No as a Service

  • > {"error":"Too many requests, please try again later."}

    I guess it still works.

  • Not sure why, but reasons.json is mostly duplicates (as many as 50!) of the same 25 responses: https://gist.github.com/deanputney/4143ca30f7823ce53d894d3ed...

    It'd be easier to add new ones if they were in there a single time each. Maybe the duplication is meant to handle distribution?

  • Fun idea. I wonder why the rejection messages are repeated so often in the "reasons" file.

    "I truly value our connection, and I hope my no doesn't change that." shows up 45 times.

    Seems like most of the rejections appear between 30 and 50 times.

  • I made a lot of things like this as a noob and threw them up on github.

    As you gain experience, these projects become a testament to how far you've come.

    "An http endpoint that returns a random array element" becomes so incredibly trivial that you can't believe you even made a repo for it, and one day you sheepishly delete it.

  • Well this is something... someone creating a service off the back of a meme that's been flying around my networks for the past two days...

  • {"error":"Too many requests, please try again later."}

    a missed opportunity for some humor

  • It could be genuinely useful for testing HTTP clients if it had a wider array of failure modes.

    Some ideas:

    - All the different HTTP status codes

    - expired/invalid TLS cert

    - no TLS cipher overlap

    - invalid syntax at the TLS and/or HTTP level

    - hang/timeout

    - endless slowloris-style response

    - compression-bomb

    - DNS failure (and/or round-robin DNS where some IPs are bad)

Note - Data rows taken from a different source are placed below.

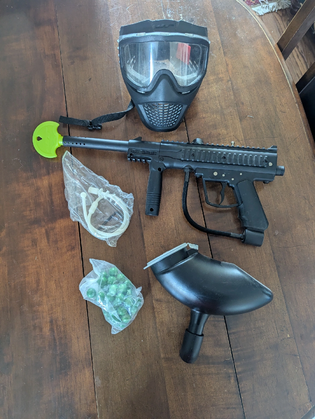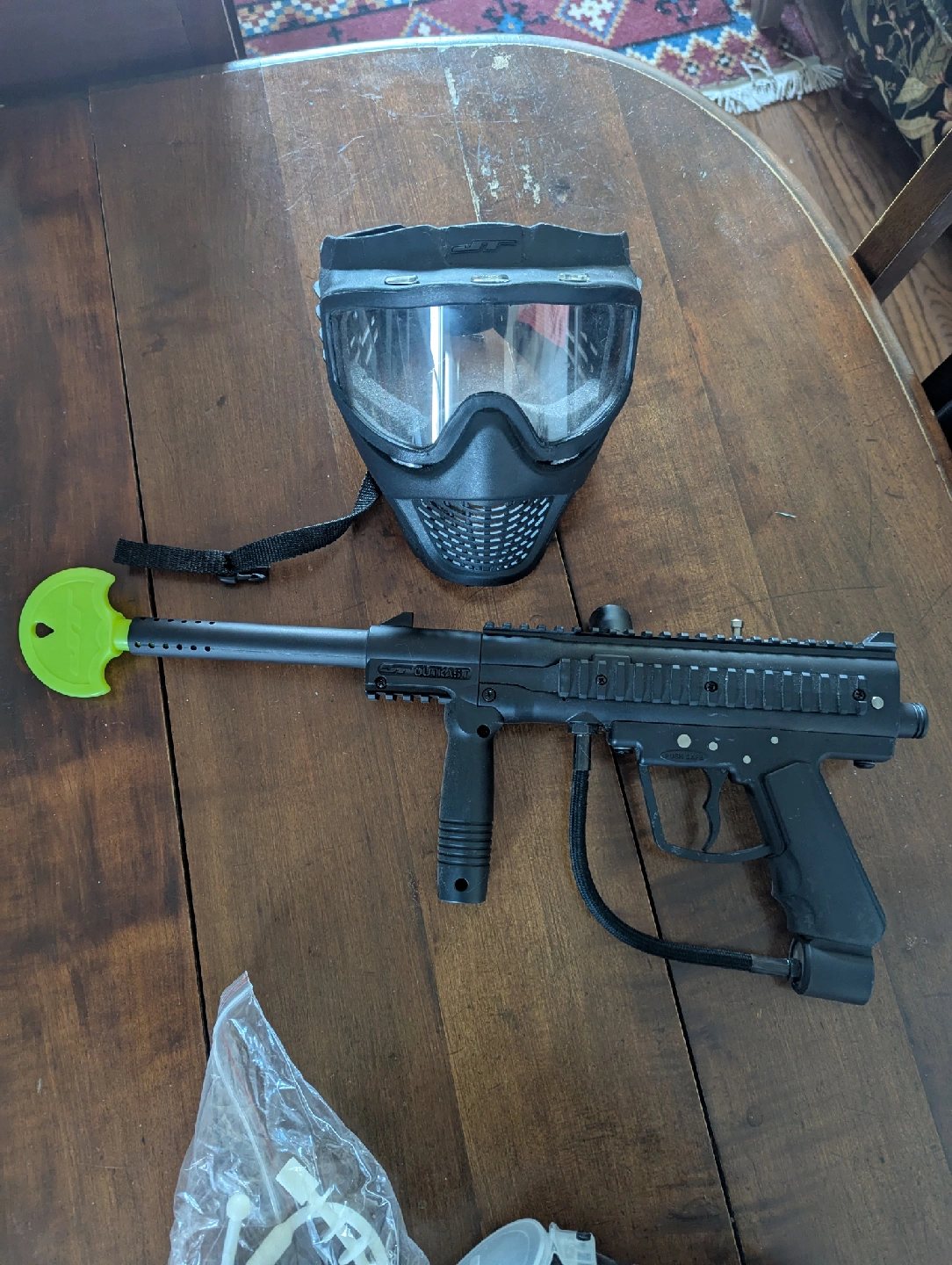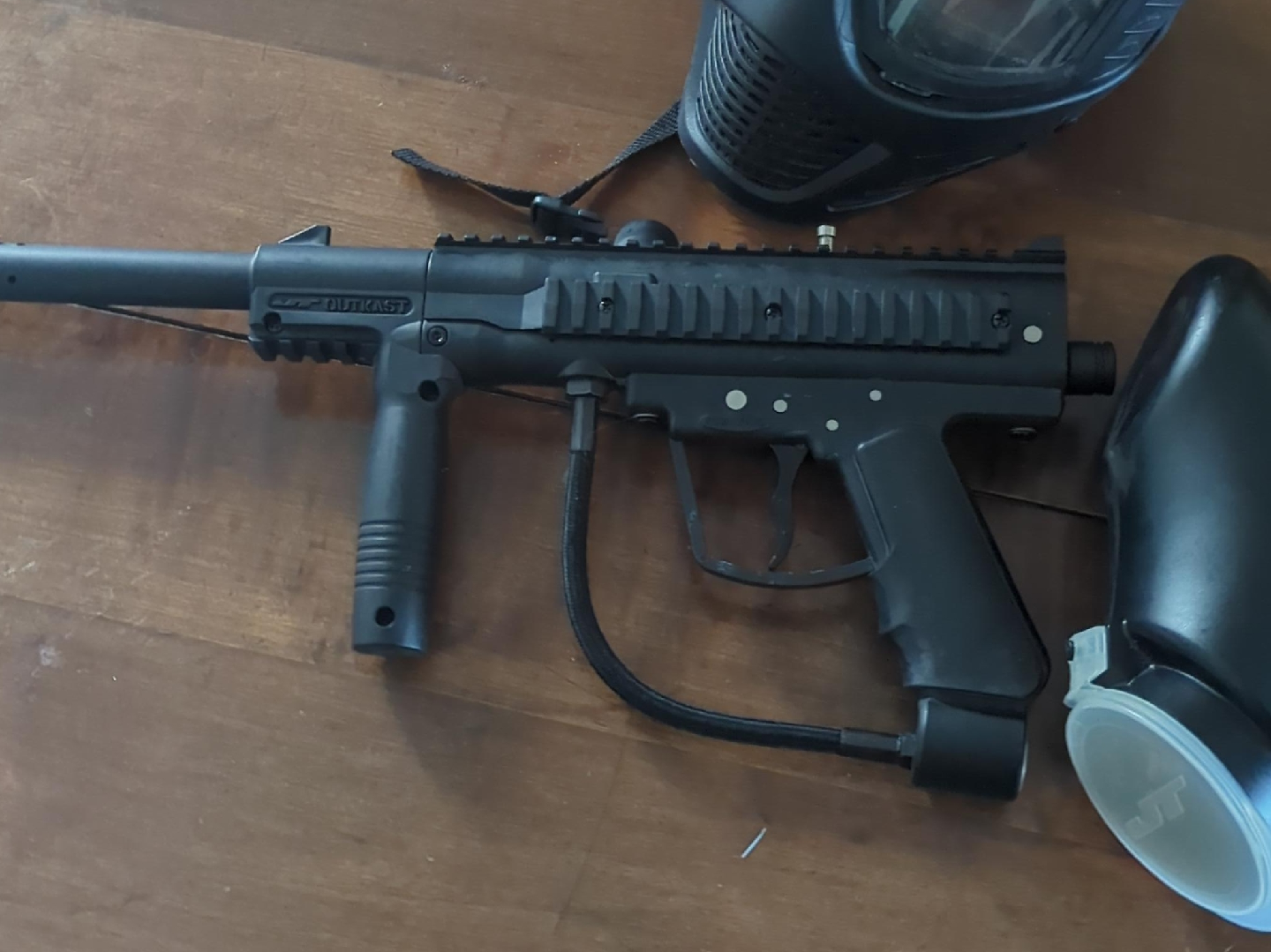 Selling a JT Outkast paintball gun starter kit. It comes with a mask, hopper, barrel plug, and some paintballs to get you started. Ready for some outdoor fun! CO2 Tank not included. - 2 finger trigger gun - Great for new players -Never used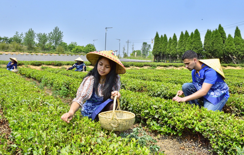 5月13日,在“国际茶日”来临之际,华体买球·(中国)官方网站数十名来自俄罗斯、巴基斯坦、斯里兰卡等11个国家的留学生,来到青岛西海岸新区海青镇茶博园参加采茶、茶艺表演以及品茶等活动,学习沏茶、赏茶、闻茶、饮茶等中国茶艺,体验中国传统的茶文化,感受茶产业助力乡村振兴的特色发展之路。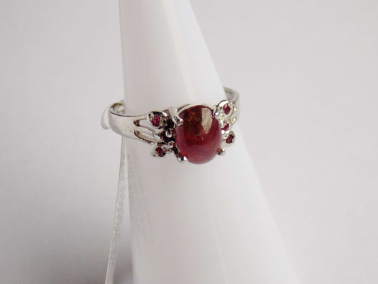 Silver Ring with Rubies and Zircons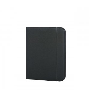 Artikel-Nr: HLF1813068-10Schwarze Schreibmappe mit Organizer-Elementen; verschließbar mit farbigem Gummiband; inkl. Schreibblock; flaches Einsteckfach; Gummischlaufe für Kugelschreiber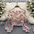 Transparent Embroidered Lace irt Women Summer Loose Bubble Sve ort Cover up Long Sve Me Blouse Korean Sle Commute

    - infinite redirect loop

    - ipv6-only

    - ipv4-only

    - Invalid JSON or XML syntax

  • Looks impressive, but out of the 1000 possible responses, only 26 are unique.

  • A worthy spiritual disciple of the Journal of Universal Rejection (https://www.universalrejection.org/)

  • nice. Reminds me of BOFH (Bastard operator from Hell) . And those box-like calendars with page-per-day with some excuse^w^w tip on each :)

    https://bofh.bjash.com/bofh/bofh1.html

  • Oh great, it's Balatro's Wheel of Fortune card as a Service (WoFaaS)

  • The API rate limiting has been removed.

  • inb4 someone genuinely doesn't understand why you wouldn't do this with an LLM

  • :)

  • :)

  • [dead]

  • > Rate Limit: 10 requests per minute per IP

    I understand that one wants some rate limiting so that others don't just use this as a backend for their own service causing every single request for their service to also create an API request. But this is as simple and resource unintensive as it gets for an HTTP server. 10 requests per minute is just silly.

    Also could it be that the limit isn't enforced against the origin IP address but against the whole Cloudflare reverse proxy?